Eco audit: making your own entertainment

I don’t mean you have to gather round the piano.  (But you can if you like.) I’m thinking about ways to relax, be with others, that are also not too draining on the environment.

In my teens, it was books and music – and TV at points.  The obligatory Friday night long soak in the bath.  But it was also sitting round the table together over meals – laughing, chatting, and so on.

When I went to Poland, it shifted a bit more.  We didn’t have a TV – and we wouldn’t have been able to understand that much if we did.  So we listened to music; wrote to people and enjoyed receiving letters.  We went and visited the kids in the boarding houses at the school where I was working.

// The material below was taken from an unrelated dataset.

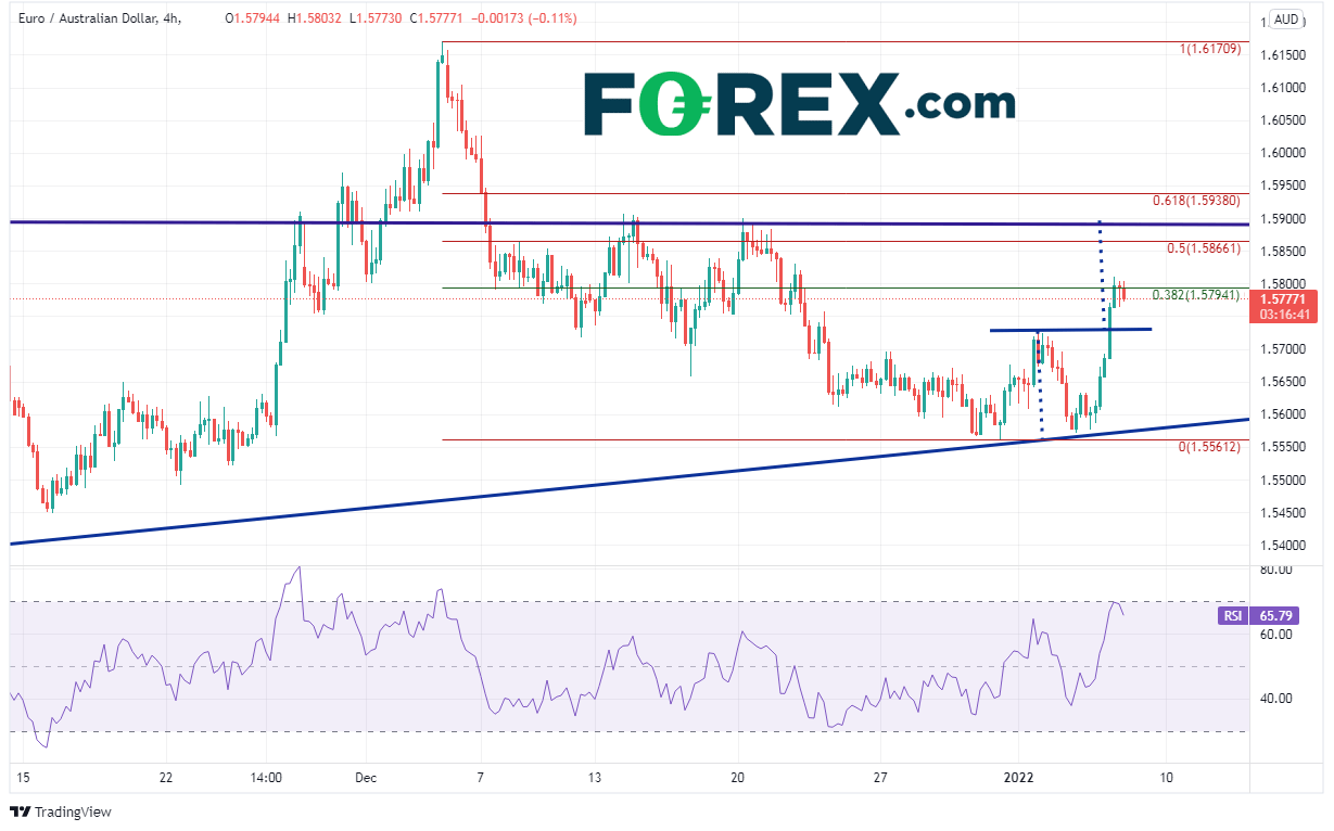 另一个可以关注的欧元货币对是欧元/澳元。该货币对自20211115日以来一直交投于1.5458-1.6171区间内,区间高度超过700点子。欧元/澳元在123日最高到达1.6171后开始下跌,于20211231日和202215日构筑双底,并在16日突破双底颈线后开始上攻1.5900附近的目标,但受制于123日高点到近期双底行情的38.2%回档位,即1.5794附近。请注意,RSI逼近超买,后市价格可能等待RSI进一步缓解超买状态进入中性,在这期间或许继续盘整。

We went sledging at night.  We climbed a long way up a hill to reach a famous lake that the kids couldn’t see (because they were blind) – and that was frozen.  We went to church.  We took lots of photos (all on film, at that point). We went to judo classes with the kids. I sang in the choir.

We travelled about – by train, by bus.  We went for walks – we did a midnight row on the lake during a summer camp.  Because it was Poland, there seemed plenty of people ready to bring out a guitar at the hint of a bonfire, or another opportunity to sing.

I loved it.  And funnily, university wasn’t that different.  When there’s not much money, you spend your time with people.

When I shared a flat with two friends, we clubbed together and bought a second hand piano – that was in fact entertainment for us, and for others.  Sometimes we would invite musician friends over – they would play, we would cook, and we’d all eat together.

My teenage self would be familiar with some electricity-based entertainment.  I wouldn’t have dreamed of the rise of ‘devices’: laptops, iPods, phones doing so many different things.  Nor of the plethora of chargers needing packed for holidays.

What happens when you have a little money? Sometimes it goes on power-based entertainment: films, concerts, shows.  But in amid all that, there are still the freebies: going for walks, being with friends, reading to each other.

There is something to be said for making your own entertainment.  It can be challenging to tread that path as a parent: to show the current generation growing up that entertainment without a power cable can be worth it.

But parenthood, with its associated reduced levels of cash, also means a rediscovery of free or lower impact entertainment.  Walks. Playgrounds.  Riding a bike.  Creating stories and tall tales. Talking about the world, how it works, how it doesn’t.

Running round and round with a pot of bubble mixture.  Inventing your own imaginary worlds.  Playing I spy, and a hundred other verbal games. Reading, reading, going to the library for a new stock of books, more reading aloud.  Making your own models.

Not everything that is ‘free’ is low impact.  But the things you can use multiple times, without cables – books, games, quality toys – and then pass on again to others: these are worth our time, as well as our investment.

And they give us some pointers to what life can be like when making your own entertainment – with creativity, and with enjoyment.